In a strange sort of way you could say that Donald Trump, who would 30 years later go on to become President, was indirectly responsible for the birth of the Saints "Dome Patrol Era" by running the USFL right out of business.
And of course, as they say: "the rest is history".
History for the former Saints All-Pro linebacker will be made once again in 2 weeks from now, when Johnson will be inducted to the Allstate Sugar Bowl Greater New Orleans Sports Hall of Fame on August 5th at the Mercedes-Benz Superdome.
It's the 3rd such honor for Johnson, who also is a member of the Saints Hall of Fame (2000) and the Louisiana Hall of Fame (2011).
For Johnson, it's yet another reminder of a period in his life that he continues to look back on with fondness.
However, when Johnson first got to New Orleans, the franchise was still struggling.
The Saints finished 5-11 in 1985, and the team's former head coach Bum Phillips had resigned with 4 weeks still left to go in the season. Johnson and his new teammates, along with the new coaching staff and front office personnel, faced an uncertain future upon their arrival in NOLA.
“It was unreal,” Johnson told Smith in that same interview from a few years ago. “When I first got there, the fans had worn bags on their heads a few years before that (the infamous 1-15 season of 1980) and the team was referred to as the 'Aint’s'. But we had a lot of success.”
Upon Johnson's arrival in time for the start of that 1986 season, the Saints franchise at that time had never posted a winning season in its first 20 years.
But --- following Johnson and his new teammates and staff's arrival, they never had a losing season in an eight-year period, spanning from Johnson’s second year (the 12-3 season of 1987) to the end of his New Orleans career in 1993.
While his "Dome Patrol" teammates got most of the accolades and awards, Johnson got a reputation among offensive players League-wide for his tenacious hitting style, which often left opponents battered and bruised.
"I don't know if there was anybody who hit harder," said former head coach Jim Mora in a recent interview. "But he hit with some impact. He combined that size and strength and speed, and when he hit somebody, they felt it."

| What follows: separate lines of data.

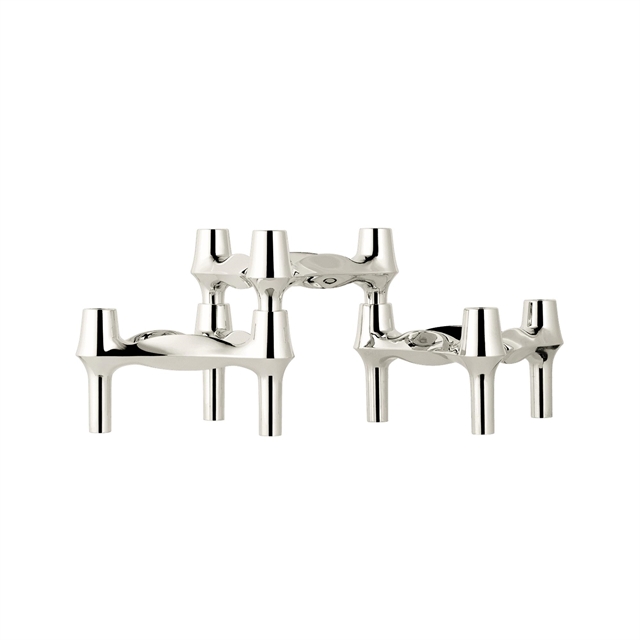 Świecznik STOFF Nagel BMF to kultowy i kolekcjonerski przedmiot o charakterystycznej, trójnożnej i układanej w stos konstrukcji, która zachęca do kreatywnej ekspresji poprzez niezliczone rzeźbiarskie aranżacje, w których każdy świecznik funkcjonuje jako część większej całości i stanowi równowagę między funkcjonalnym przedmiotem oświetleniowym a artystyczną rzeźbą. Dzięki temu projekt ten idealnie nadaje się do tworzenia osobistych i architektonicznych aranżacji, które mogą rozwijać się z czasem.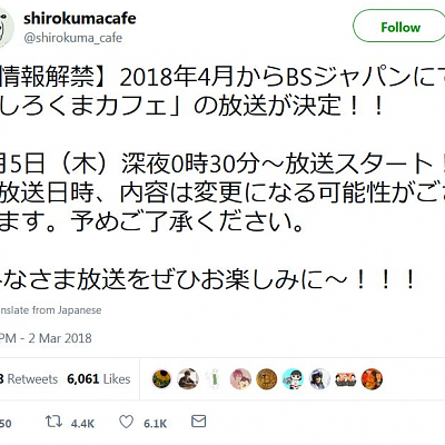 2018년 4월 5일부터 BS 재팬에서 '백곰카페' 애니메이션 방송 결정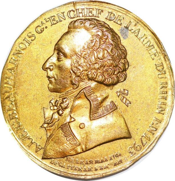 P1366 Rare France Uniface Convention Alexandre Beauharnais général Armée Rhin 1793 SUP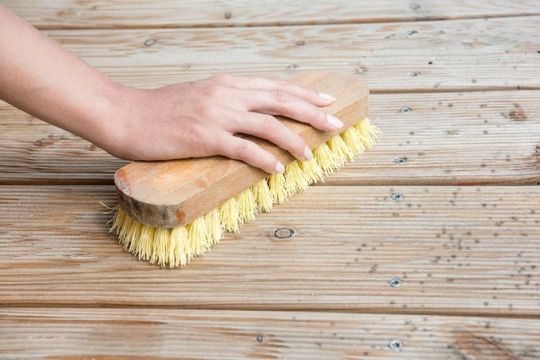 Zabezpieczenie aplikujemy bezpośrednio po montażu. Jeżeli od tego momentu minęło już trochę czasu, to przed olejowaniem dokładnie czyścimy całą powierzchnię. Zanieczyszczenia powierzchniowe sprzątamy za pomocą twardej szczotki z tworzywa. Następnie myjemy deski przy użyciu odpowiednich środków i porządnie spłukujemy. Teraz czekamy do wyschnięcia, a jeśli na wierzchu pozostał półprzezroczysty film — usuwamy go przed dalszą obróbką. Ewentualnie szlifujemy wszystko cienkim papierem ściernym, żeby uzyskać jednolitą powierzchnię.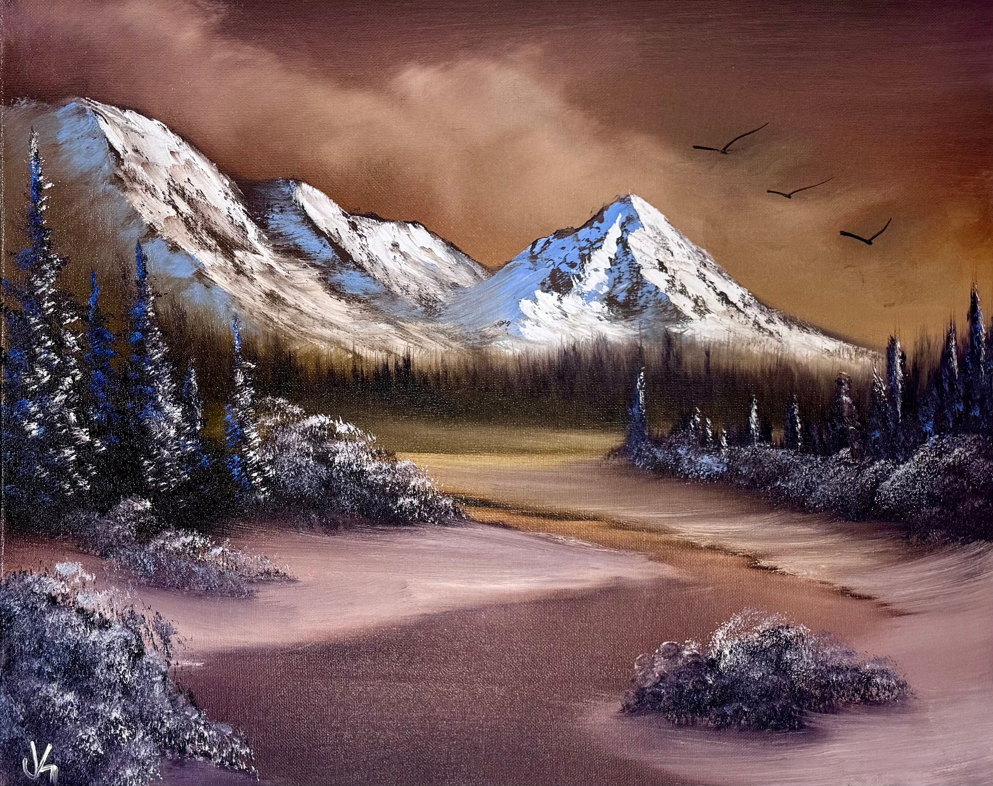 Painting #2270 - 16x20" Canvas - Mountain River Valley painted 2-5-26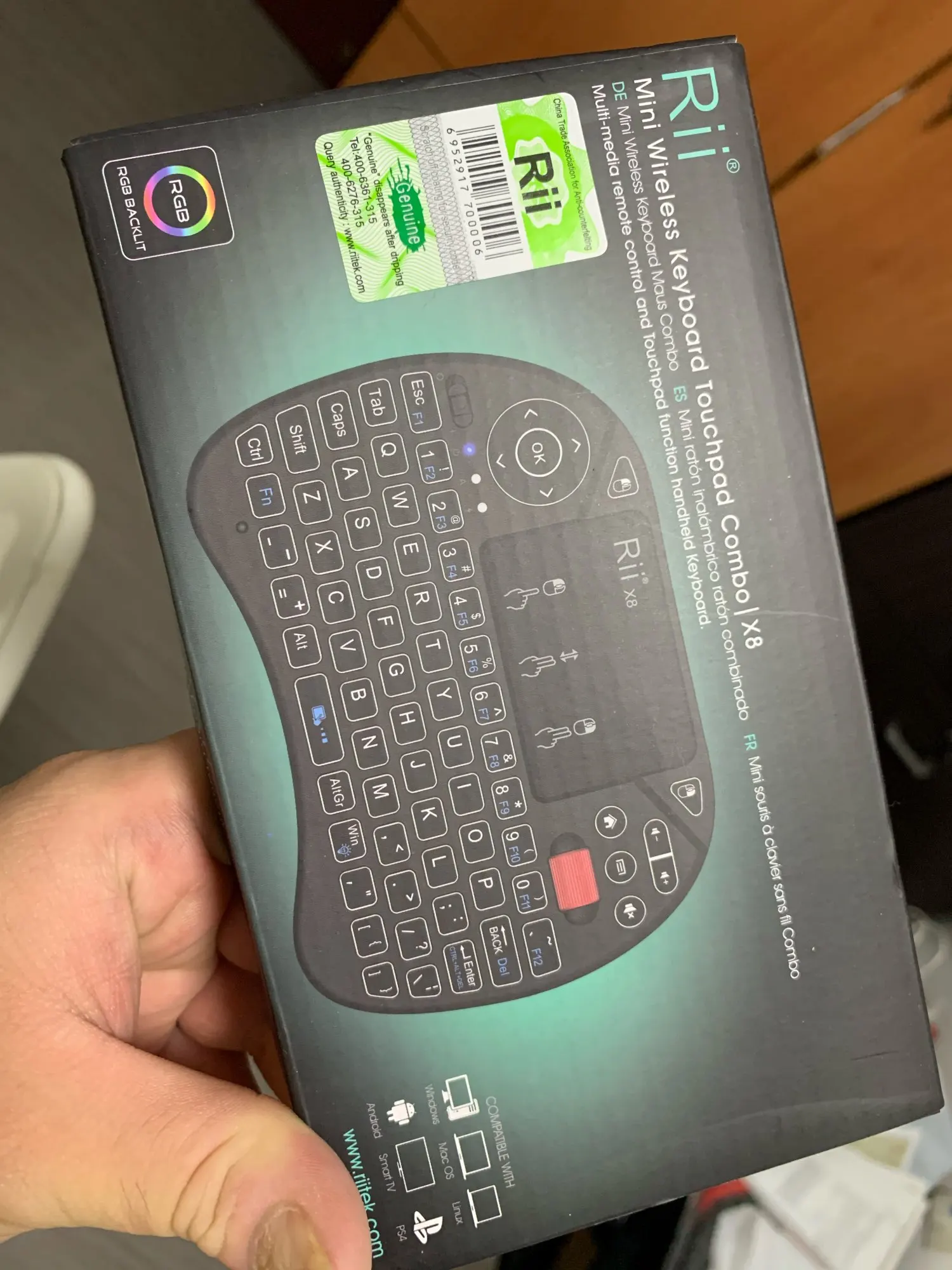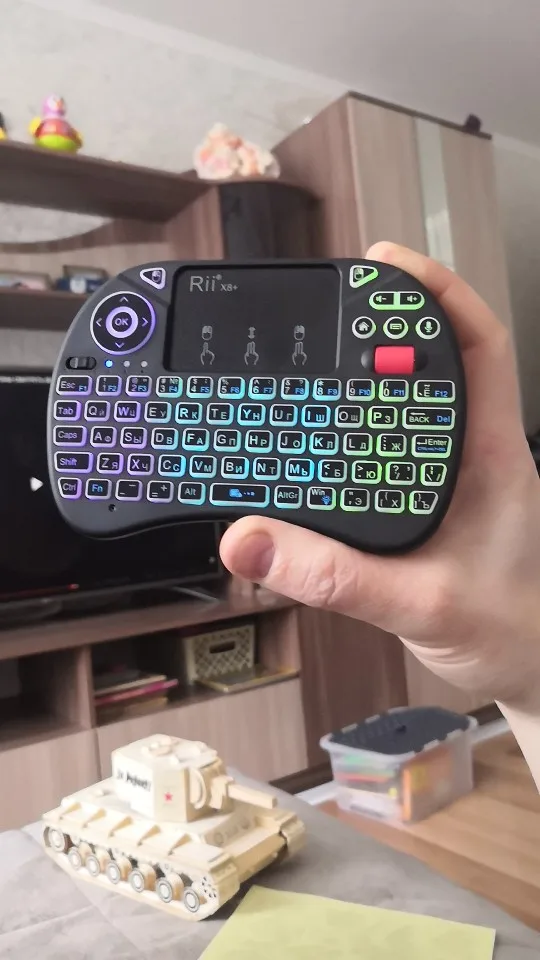 Оригинальная Rii X8+ клавиатура, товар точно соответствует описанию, хорошо упакован, быстрая доставка. Использую со Smart TV, подключается к телевизору без проблем, работает отлично. Покупкой доволен, очень практично в использовании.

"Vaughan was equally as good as those other three guys that most of the publicity and attention went to," Mora said. "Rickey and Pat were great players, but those two guys were playing a position where they were able to sack the quarterback. When you sack the quarterback, you acquire a lot of focus and media attention. They were great players, as was Sam, who called all our defensive plays and was a team leader.

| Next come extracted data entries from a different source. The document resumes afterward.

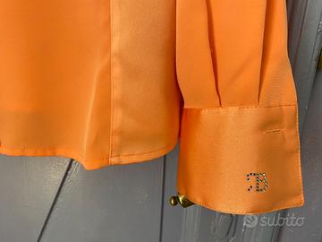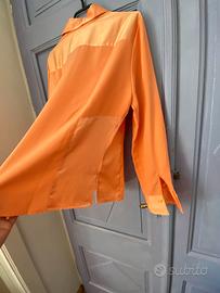 Colore: arancio pesca, con dettagli satinati su spalle, polsini e fianchi che donano un tocco raffinato.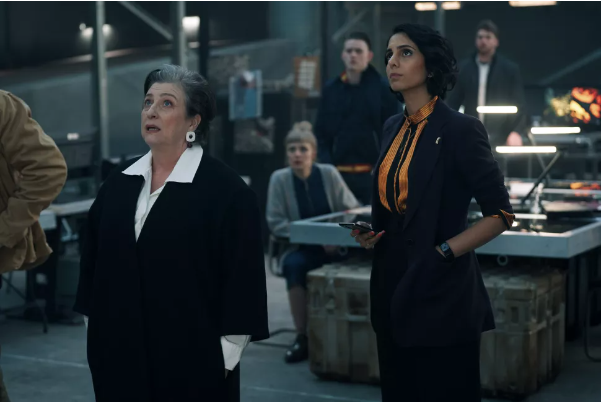 Paapa Essiedu’s (Gangs of London, I May Destroy You) performance is a perfect entry point for the viewer, portraying a believable disbelief and shock at the time jump revelations. However, his arc quickly evolves following a personal tragedy, and his dynamic with Tom Burke is particularly fascinating once the two characters connect. Anjli Mohindra (Vigil, The Bodyguard) also brings another compelling performance as the quick witted agent Archie, who’s devote loyalty is surprsing given her backstory – which is also cleverly interwoven throughout. Viewers may also be surprised by beloved actor Caroline Quentin’s performance as Queen bee Wes, who’s steadfast drive to protect the greater good comes at a great cost – she really does rock those suits though!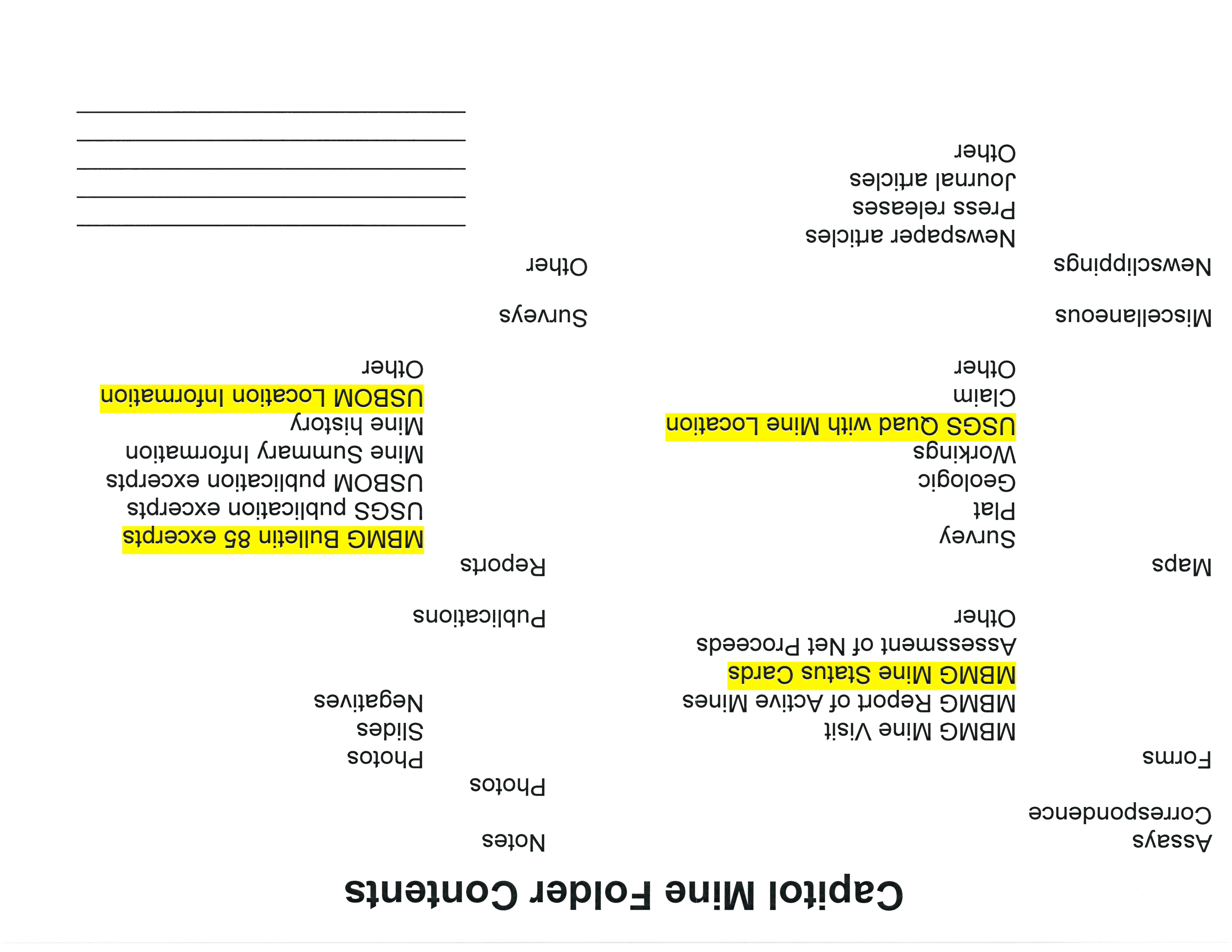 - "Capitol Mine Folder Contents", Beaverhead Mine Documents, Montana Bureau of Mines and Geology

"But Vaughan was just as good as the other three. I mean, physically, he might have been as gifted as any of them. He was big. He was strong. He was fast. He was tough. He was good against the run, good against the pass. A heck of a player. He was a big reason for the success of our defensive team during the years he played."
Johnson left the Saints in Free Agency in 1994, after his All-Pro teammate and original 1981 Saints draft pick Rickey Jackson left first --- when Jackson signed with the San Francisco 49ers in the hopes of winning a Super Bowl ring. Jackson would get his ring after that 1994 season, when the 49ers destroyed the Chargers in Super Bowl XXIX.
As for Johnson, he signed with the Philadelphia Eagles and played one season, before he decided to hang up the cleats for good.
In the interview with Smith, Johnson reflected on the notion that the Saints during that "Dome Patrol Era" were good enough to have won a Super Bowl, but just couldn't seem to "get over the hump".
The Saints had the misfortune in those days of being in the same division (the NFC West) as the 49ers, who at that time were in the midst of their 1980's dynasty, when they won a total of 4 Super Bowls (1981, 1984, 1988, and 1989).
It's probably what inspired Jackson to make his "if you can't beat them, might as well join them" move to San Francisco in that 1994 Free Agency signing period.
Johnson and his "Dome Patrol Era" teammates were very successful during his time in New Orleans, but yet the team went 0-4 in the NFL Playoffs --- losing all four Wild Card playoff game in four trips to the postseason (1987 vs. Minnesota, 1990 vs. Chicago, 1991 vs. Atlanta, and 1992 vs. Philadelphia --- the game that most Saints historians consider the unofficial end of the "Dome Patrol Era").
“I know how difficult it is to get to a Super Bowl,” Johnson said. “You can’t be satisfied with just getting to the Playoffs."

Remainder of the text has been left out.